Hai presente quella scena? Il bambino che apre un pacco regalo con gli occhi che brillano, lo abbraccia per cinque minuti e poi lo posa in un angolo. E poi guarda suo padre o sua madre con quella strana espressione — non deluso, non arrabbiato — solo… in attesa. In attesa di qualcosa che non è arrivato insieme alla carta stracciata e al nastro colorato. Se questa immagine ti ha fatto venire un nodo allo stomaco, probabilmente c’è un motivo. E la psicologia ha qualcosa di molto interessante da dirti a riguardo.
Parliamo di uno schema comportamentale molto più diffuso di quanto si pensi, che attraversa tutte le classi sociali, tutti i livelli di istruzione, tutti i tipi di famiglia. Un meccanismo sottile, spesso inconsapevole, che trasforma il regalo in qualcosa di completamente diverso da quello che sembra: non più un gesto d’affetto spontaneo, ma una strategia — anche involontaria — per colmare un vuoto che ha un nome preciso.
Il regalo come linguaggio dell’amore… o come sua sostituzione?

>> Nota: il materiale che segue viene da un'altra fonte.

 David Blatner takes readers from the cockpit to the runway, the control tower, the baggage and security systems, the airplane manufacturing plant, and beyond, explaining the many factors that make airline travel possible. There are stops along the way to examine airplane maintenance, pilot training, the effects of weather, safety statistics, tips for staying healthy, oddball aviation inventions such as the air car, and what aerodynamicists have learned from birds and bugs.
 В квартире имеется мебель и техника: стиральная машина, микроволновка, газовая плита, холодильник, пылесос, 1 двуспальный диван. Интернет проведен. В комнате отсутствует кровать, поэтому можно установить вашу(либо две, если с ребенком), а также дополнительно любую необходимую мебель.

Partiamo da un punto fermo: regalare cose ai propri figli non è sbagliato. È anzi un gesto bellissimo, carico di significato, capace di creare ricordi indelebili. Il problema non è il regalo in sé. Il problema nasce quando il regalo diventa sistematico, quando diventa il modo principale — o addirittura l’unico modo — con cui un genitore comunica amore al proprio figlio.

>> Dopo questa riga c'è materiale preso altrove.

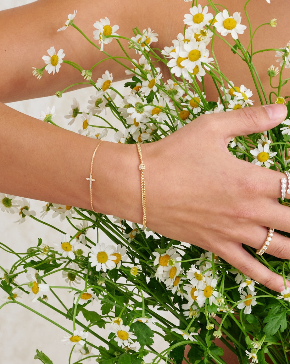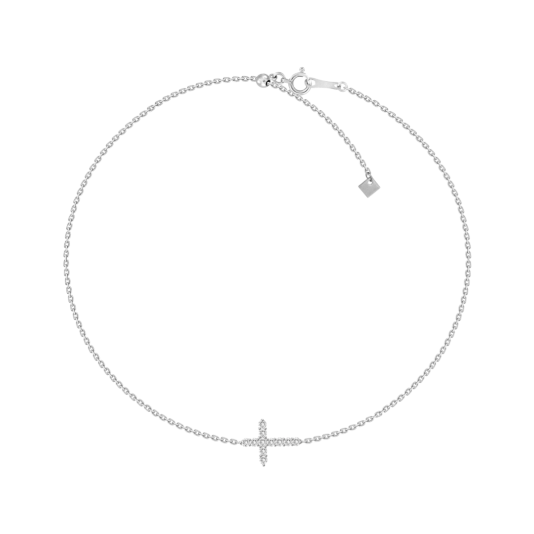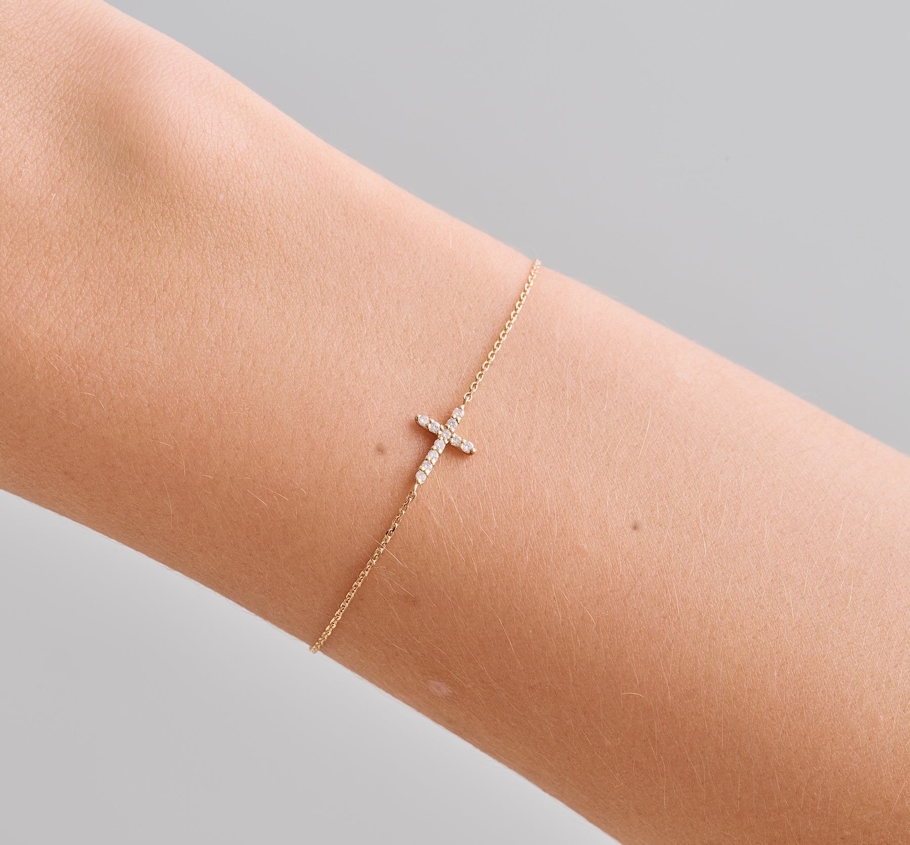 Diamond Cross attached to an 18k adjustable cable link chain. The perfect piece for you to wear yourself or give to that special someone. Delicate Diamond Cross makes a wonderful addition to your wrist stack.

Lo psicologo e divulgatore Luca Mazzucchelli ha parlato in modo molto chiaro di questa distinzione in diverse occasioni pubbliche: c’è una differenza fondamentale tra “regali” e “doni”. I regali sono oggetti, cose tangibili, qualcosa che si può tenere in mano. I doni veri, quelli che lasciano il segno davvero, sono immateriali: il tempo condiviso, l’attenzione autentica, la presenza emotiva. Quando i primi prendono il posto dei secondi, qualcosa si inceppa nel meccanismo delicatissimo del legame genitore-figlio. E Mazzucchelli aggiunge qualcosa che vale la pena ascoltare: troppi regali materiali impediscono ai bambini di imparare a gestire le frustrazioni, riducono la capacità di relazionarsi in modo autentico e spostano il baricentro dell’affetto verso qualcosa che si possiede, invece che verso qualcuno che c’è.
E i bambini lo sanno. Non sempre lo sanno dire, non sempre lo sanno spiegare. Ma lo sanno.
Cosa spinge davvero un genitore a compensare con gli oggetti?
Questa è la domanda che dovremmo farci, senza giudizio ma con molta onestà. Perché nessun genitore si sveglia la mattina pensando: “Oggi compro un giocattolo a mio figlio invece di passare del tempo con lui.” Le cose non funzionano così. I meccanismi psicologici sono molto più sfumati, molto più silenziosi, molto più difficili da intercettare. Eppure, una volta che li si conosce, diventano riconoscibili quasi ovunque.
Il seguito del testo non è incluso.